Let's classify ranges for Pearson's correlation

As it seems coefficient ranging from +/-0.4 to +/-0.59 inclusive is supposed to be moderate

If we choose more than 0.6 - we get very low amount of features, hence we choose features with correlation rate of more than 0.4

![pearson](https://www.researchgate.net/profile/Mahiswaran-Selvanathan/publication/345693737/figure/tbl1/AS:956412914040832@1605038016475/The-scale-of-Pearsons-Correlation-Coefficient.png)

In [None]:
selected = []
for i in corr_matrix.index[:-1]:
    if corr_matrix.loc[i, "MEDV"] > 0.4 or corr_matrix.loc[i, "MEDV"] < -0.4:
        selected += [i]

In [None]:
sns.pairplot(df, vars=selected+['MEDV'], corner=True)

In [None]:
x_s = df.loc[:, selected].values
y_s = df.loc[:, 'MEDV'].values
xs_train, xs_test, ys_train, ys_test = train_test_split(x_s, y_s, random_state=42, test_size=0.2)

## Evaluation of Selected Features

Drastic improvement for:
* Random Forest Classifier
* Decision Tree Classifier
* Ada Boost Regressor
* XGBRegressor

Slight improvement for Linear Regression

And SVR remain horrible, that r^2 score remains negative

In [None]:
assesment_selected = Evaluation((xs_train, ys_train), (xs_test, ys_test))
selected_trained = []
for i, j in zip(models, names):
    selected_trained += [assesment_selected.training(i, j)]

# Conclusion

In this dataset there is a list of features that are **ALL** affect Housing price.
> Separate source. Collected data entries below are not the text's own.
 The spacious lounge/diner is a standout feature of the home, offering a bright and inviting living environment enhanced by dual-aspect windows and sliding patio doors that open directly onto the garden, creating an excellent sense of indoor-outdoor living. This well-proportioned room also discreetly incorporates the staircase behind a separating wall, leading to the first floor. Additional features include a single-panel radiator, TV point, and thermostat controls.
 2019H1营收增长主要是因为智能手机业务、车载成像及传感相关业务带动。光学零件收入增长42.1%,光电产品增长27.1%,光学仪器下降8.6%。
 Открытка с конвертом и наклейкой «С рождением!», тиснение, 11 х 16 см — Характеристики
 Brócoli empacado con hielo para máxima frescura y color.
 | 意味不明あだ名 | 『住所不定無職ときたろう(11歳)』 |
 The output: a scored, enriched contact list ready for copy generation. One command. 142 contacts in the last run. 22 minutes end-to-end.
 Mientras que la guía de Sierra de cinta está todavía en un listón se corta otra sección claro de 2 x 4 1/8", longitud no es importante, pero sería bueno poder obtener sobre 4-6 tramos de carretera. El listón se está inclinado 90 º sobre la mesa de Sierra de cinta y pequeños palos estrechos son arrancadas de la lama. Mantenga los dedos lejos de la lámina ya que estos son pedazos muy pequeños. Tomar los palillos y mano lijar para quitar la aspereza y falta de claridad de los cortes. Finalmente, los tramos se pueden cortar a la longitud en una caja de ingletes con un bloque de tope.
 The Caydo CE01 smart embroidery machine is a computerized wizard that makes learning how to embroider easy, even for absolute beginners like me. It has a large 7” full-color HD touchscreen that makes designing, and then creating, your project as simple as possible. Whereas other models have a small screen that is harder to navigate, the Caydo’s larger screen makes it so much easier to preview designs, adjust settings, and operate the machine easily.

However, in order to improve Regression Models' accuracies we need to perform the removal of such preprocessing techniques as scaling the data, outliers detection and feature selection

Most of ML algorithms using sklearn perform just as good with the data that is not preprocessed using Min Max Scaler technique or Stanard Scaler technique, etc. 
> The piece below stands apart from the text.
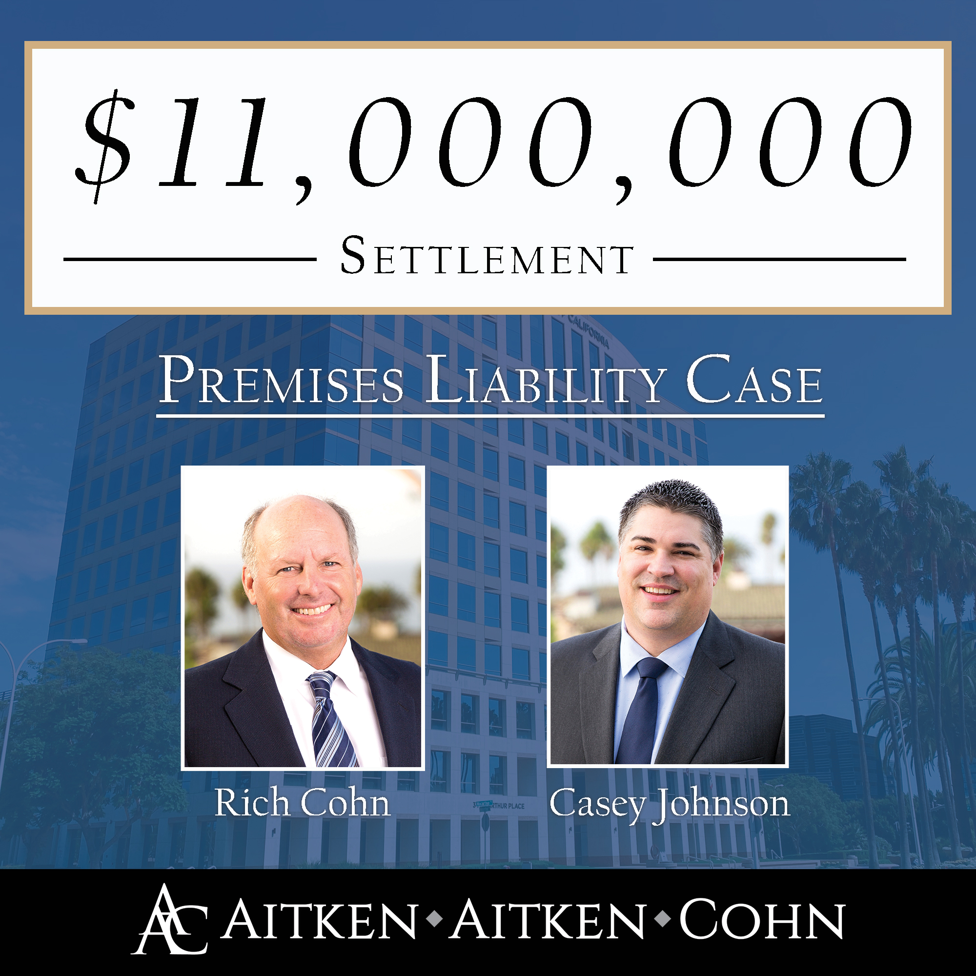 Partners Rich Cohn and Casey Johnson secured an $11,000,000 settlement on behalf of a 20-year-old client who was rendered a quadriplegic after diving into an unsafe HOA swimming pool.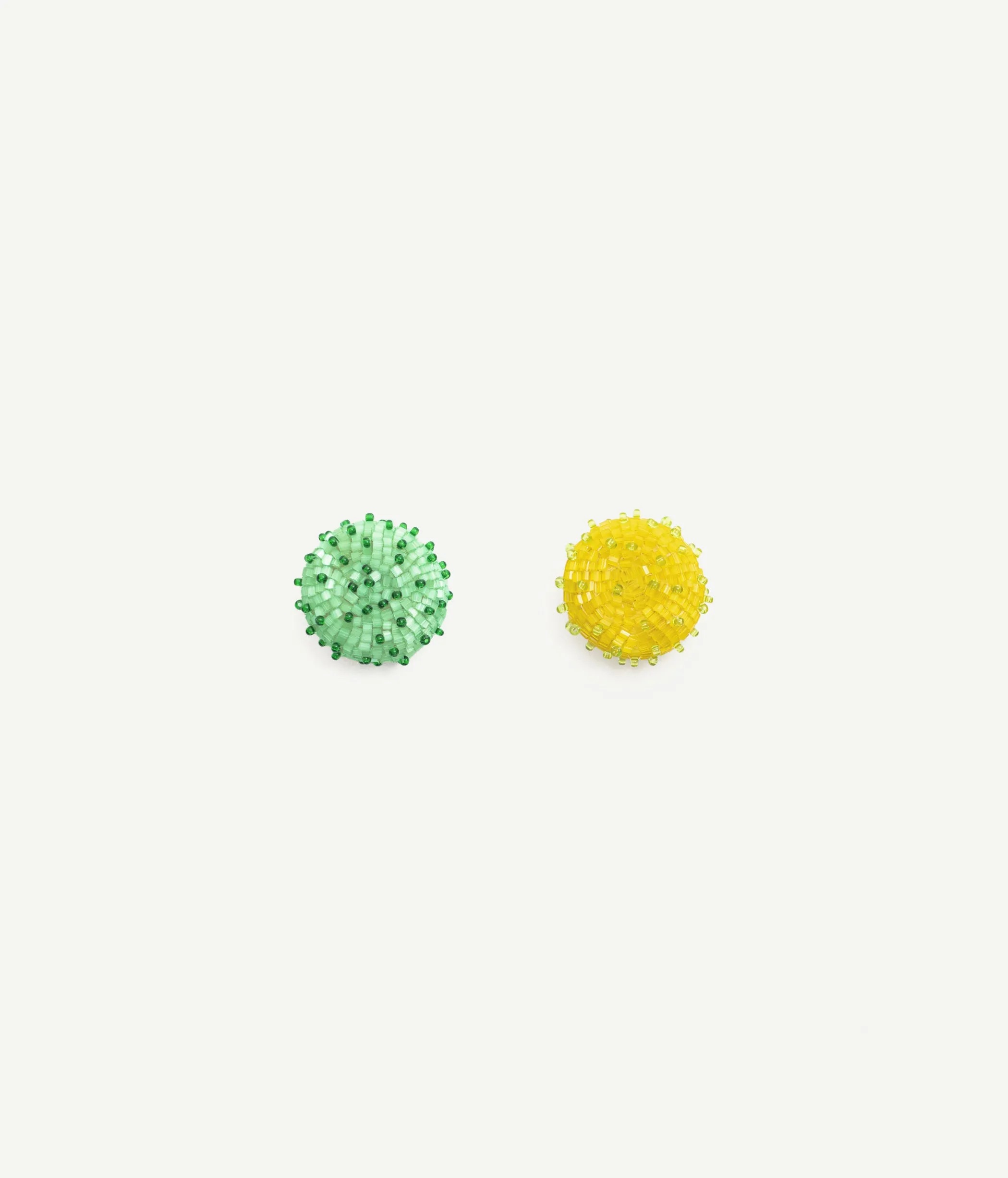 All pieces of the Ruslan Baginskiy SKARBY/TREASURES jewelry drop are crafted by hand in delicate beadwork that dances in the light. Rooted in the idea of reconnecting with our past, celebrating cherished moments, and embracing the timeless beauty of nature. Silver stud fastening for pierced ears. Yellow and Mint Beaded Earrings.

There are not that much of significant outliers.

Therefore the only thing that's left is to perform Feature Selection. And I decided to go for Feature Importance Pearson's correlation technique.

I compared the results of models trained on data that did not go through feature selection and models trained on selected features.

In the end, most models' performance was drastically improved.